Parece que fatos recentes ligados principalmente ao novo presidente da República e a seu método confuso de governar e de se comunicar mudaram a consciência dos editores de cada um desses grandes veículos. Agora, a política é mais que necessária, é imprescindível, só ela dá sentido a tudo, na gestão pública, na vida democrática, na divisão dos poderes, na representação, só com a política se pode alcançar o objetivo maior e mais nobre de uma sociedade moderna, organizada, livre. A construção de um futuro melhor só se faz através da política, agora reconhecem, proclamam e defendem os mesmos que passaram muitos dos últimos longos anos condenando-a, enxovalhando-a, criminalizando-a.

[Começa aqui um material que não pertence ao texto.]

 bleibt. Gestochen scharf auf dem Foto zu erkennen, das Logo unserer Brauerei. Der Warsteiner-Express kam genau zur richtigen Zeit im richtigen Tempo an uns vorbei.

Para quem vive atento aos consensos que a imprensa constrói, a surpresa é pequena e a explicação é quase evidente. Há uma pauta de reformas que a hegemonia de sempre quer ver completada e isso só pode ser feito com o cumprimento de algumas formalidades. E no caminho está o Congresso, e no Congresso os políticos decidem. Os políticos agora são necessários e imprescindíveis. E no momento, o Poder Executivo (pelas razões mais insondáveis até este momento) não quer praticar a política como ela é, como ela sempre foi. O Presidente, no comando absoluto de Poder Executivo força a barra para fazer do seu jeito. Estranho é que esse jeito significa não interferir, ao que parece.

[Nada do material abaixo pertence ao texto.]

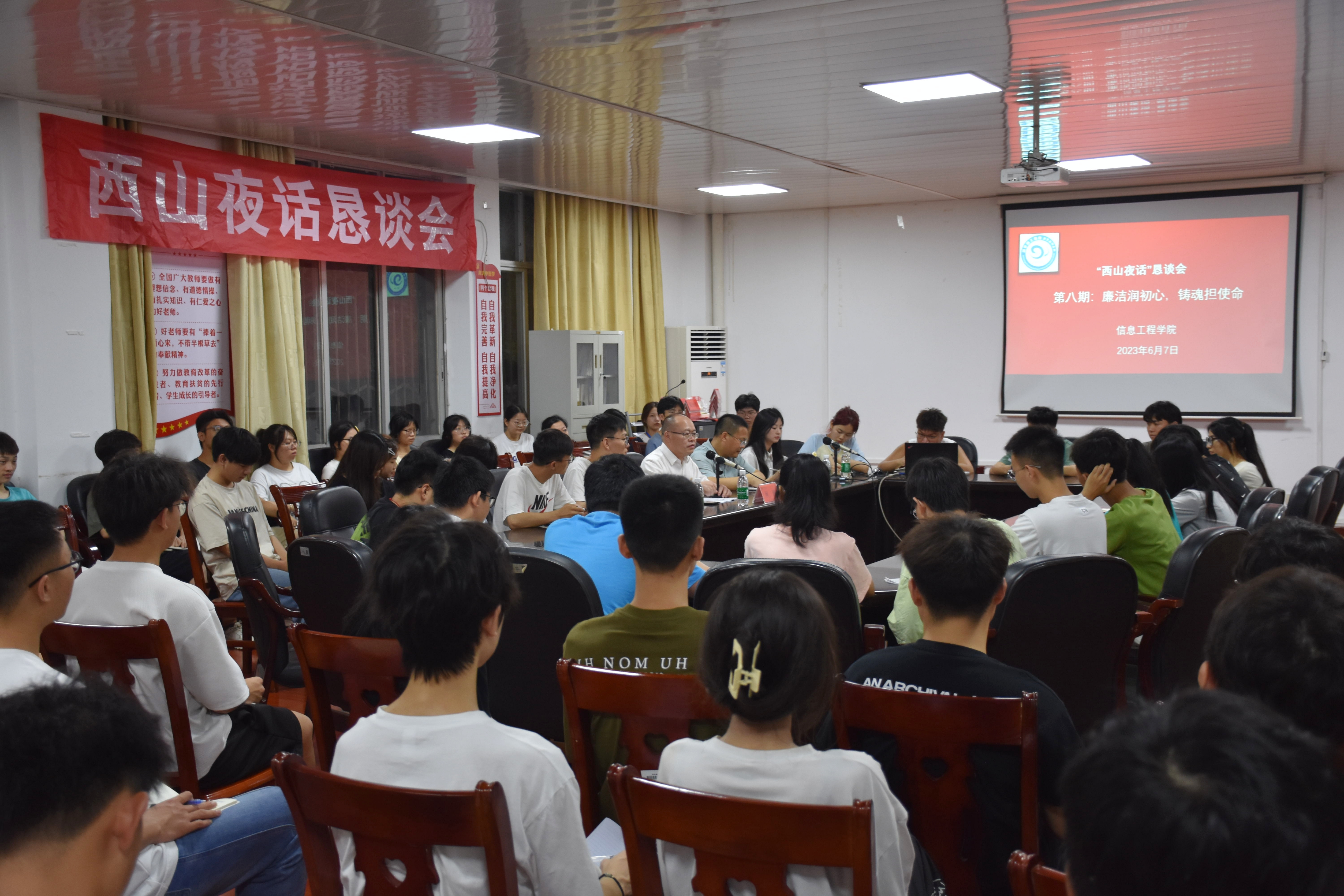 本网讯(通讯员 王鼎涵 刘兵兵)6月7日晚,信息工程学院举行第八期“西山夜话”恳谈会,校党委委员、副校长何海担任主讲嘉宾,该院100余名学生党员、学生干部参加现场交流,师生们围绕“廉洁润初心,铸魂担使命”的主题,同声话廉洁,合力颂清风。

O que deveria ser um sinal de liberdade para o Congresso legislar em defesa do interesse do povo, sem pressões do Executivo, do mercado e da própria imprensa, está sendo percebido como algo perigoso. Neste modelo, as reformas e seus resultados podem sair do controle, ou não serem aprovadas, ou aprovadas de um jeito indesejado (por quem costuma ver seus desejos atendidos por congressistas que lhes parecem submissos, mantidos em rédea curta ou apenas premiados por bom comportamento). A questão é real, pois as reformas são a motivação última e profunda de tudo de relevante que aconteceu na política depois da eleição de 2014. As reformas abraçam e abarcam os gigantescos negócios e interesses financeiros em jogo desde então. Lei do Teto de Gastos, Reforma Trabalhista, entrega da Embraer, entrega do pré-sal, privatização geral (Eletrobrás, Banco do Brasil, Caixa Econômica…) & ´otras cositas mas´. O Michel Temer deu um bom avanço, mas empacou na Reforma da Previdência.

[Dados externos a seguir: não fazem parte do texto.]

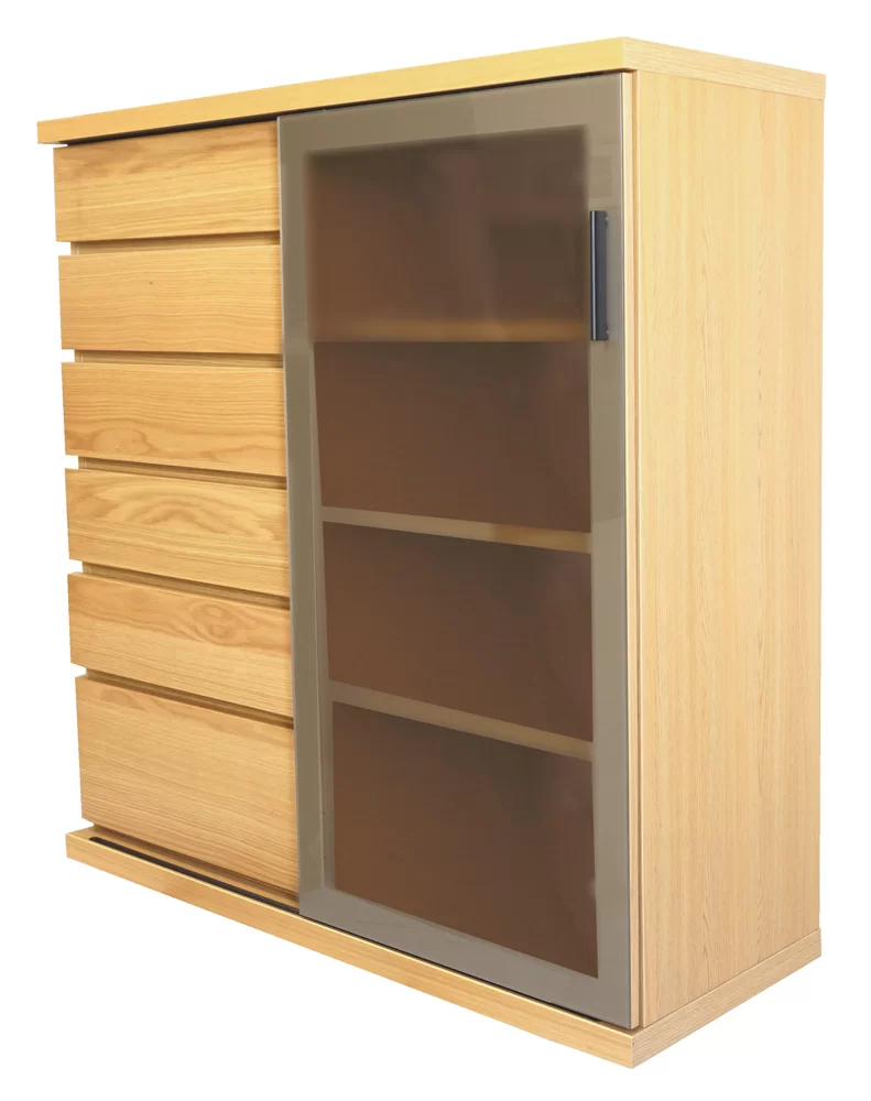 商品左右は引き⼾タイプのガラス⼾で、中央は引き出しです。商品の高さに応じて引き出しの段数が変わります。(高さ64センチ:3段、高さ80センチ:4段、高さ96センチ:5段、高さ112センチ:6段)

Curiosa a política: se o Presidente fizer o que o mercado quer, ele se torna inútil para o mercado. Se ele não está disposto a fazer, ele já é inútil. A bola está com o Congresso Nacional. E o que ele fizer é que definirá como cada senador e como cada deputado entrará para a história. Será que a política não é capaz de encontrar uma saída honrosa para equilibrar o legítimo interesse do mercado com as reais necessidades do povo? Ou seria melhor dizer entre as legítimas necessidades do povo e os reais interesses do mercado?